Chapter 12.10: Config-Driven SQL Servers (cargo pmcp)
The previous chapter showed how Code Mode safely executes LLM-generated SQL
against a schema. This chapter is the applied form of that idea: a complete,
deployable SQL MCP server that you describe in a config.toml instead of
hand-writing in Rust. You declare your tables, a handful of curated tools, and
a Code Mode policy; the cargo pmcp CLI scaffolds the crate, runs it locally,
and deploys it to AWS Lambda — and the long tail of queries you didn’t curate
is handled by Code Mode generating SQL against your schema.

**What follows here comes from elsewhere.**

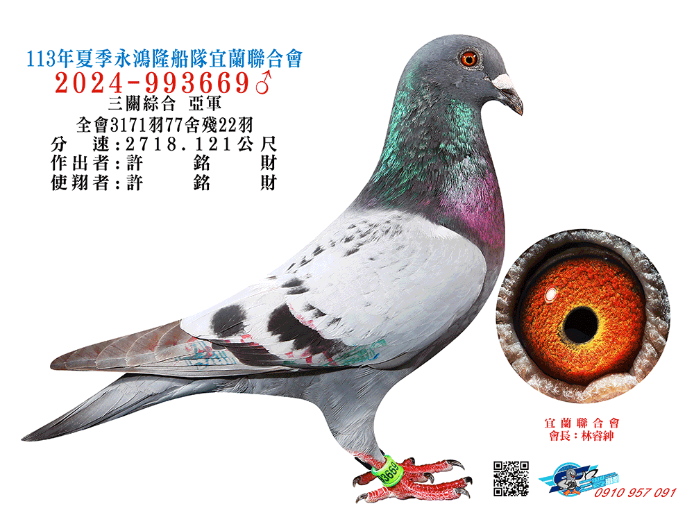 2025年夏季宜蘭聯合會二關綜合8位,環號25-137047灰♂,其父鴿24-993616斑♂,本身入賞夏季三關綜合7位(群益冠軍家族X小火箭三冠家族),母親24-333022,血統為夏季三關綜合亞軍全妹(雙伯馬家族X哈利近親)所作出,許銘財又一次以實戰成績印證了優質血統一脈相承的可貴。

After this chapter you should be able to scaffold a config-driven SQL server, run it, edit its tools and schema without recompiling, and ship it to Lambda with the inline dev secret automatically swapped for a production secret.
The Problem (Why Config, Not Code)
To expose a SQL database over MCP the conventional way, you hand-write a Rust
binary: construct a ServerBuilder, implement a tool handler for every query
you want to support, build and manage the database connector, wire up Code Mode
policy, stand up the HTTP transport — and recompile every time a tool or the
schema changes. For a database with dozens of useful query shapes, most of that
code is mechanical, and the recompile loop slows iteration to a crawl.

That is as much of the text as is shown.